25-羟维生素 D(25OHD)是 TRPV1 的部分激动剂,25OHD 可以弱激活 TRPV1,但拮抗全 TRPV1 激动剂辣椒素和油酰基多巴胺的刺激作用。25OHD 在与辣椒素相同的香草素结合口袋内结合 TRPV1。25OHD 抑制 PKC 介导的 TRPV1 活性的增强作用。25OHD 降低 TRPV1 活性介导的 T 细胞激活和三叉神经神经元钙信号。这些结果提供了证据,表明 TRPV1 是维生素 D 生物学作用的新型受体,除了维生素 D 对核维生素 D 受体的已有作用之外。这些结果可能对我们目前对某些疾病的理解具有重要意义,在这些疾病中,TRPV1 和维生素 D 缺乏与慢性疼痛和自身免疫性疾病(如 1 型糖尿病)有关。

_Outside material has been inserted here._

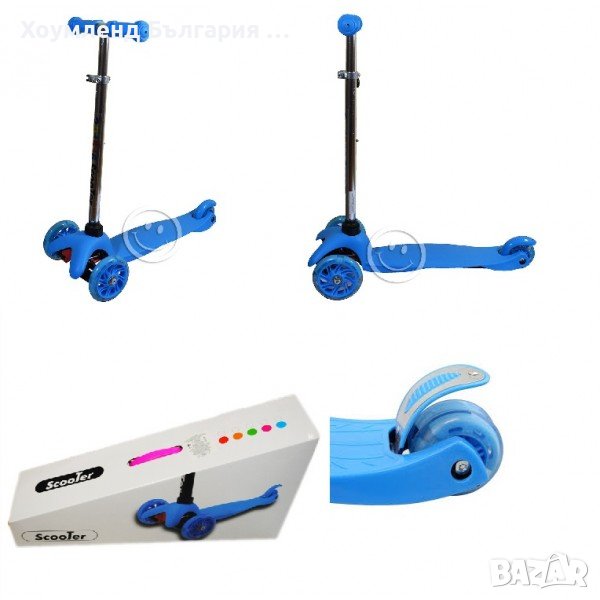 Тротинетка скутер - триколка със светещи колела. Идеална за разходки на открито, състезания с приятели и безкрайно забавление придружено с разноцветните светлини на светещите колела.

辣椒素受体 TRPV1 在痛觉、炎症和免疫中起重要作用,其活性受外源性和内源性亲脂配体调节。由于维生素 D 是亲脂的,并参与与 TRPV1 相似的生物学过程,我们假设它直接调节 TRPV1 活性和功能。我们的钙成像和电生理数据表明,维生素 D(25-羟维生素 D(25OHD)和 1,25-羟维生素 D(1,25OHD))可以在生理相关浓度(100 nM)下弱激活 TRPV1。此外,25OHD 和 1,25OHD 均可抑制辣椒素诱导的 TRPV1 活性(IC 50 值分别为 34.3 ± 0.2 和 11.5 ± 0.9 nM),但不抑制 pH 诱导的 TRPV1 活性,表明维生素 D 与 TRPV1 相互作用的区域与 TRPV1 激动剂辣椒素相同。这一假设得到了我们 TRPV1 结构建模研究的支持,该研究将 25OHD 置于与辣椒素相同的结合区域。25OHD 还通过与 TRPV1 中已知的 PKC 磷酸化接受残基相互作用,减弱 PKC 依赖性 TRPV1 增强作用。为了提供维生素 D 与 TRPV1 相互作用的生理作用的证据,我们使用了两种已知表达 TRPV1 的不同细胞模型:小鼠 CD4 T 细胞和三叉神经神经元。我们的结果表明,25OHD 降低了 TRPV1 诱导的 T 细胞细胞因子释放和 TRPV1 诱导的三叉神经神经元钙活性。总之,我们提供的证据表明,维生素 D 是 TRPV1 通道活性的新型内源性调节剂,除了通过已知的核维生素 D 受体途径之外,它可能在生理上发挥重要作用。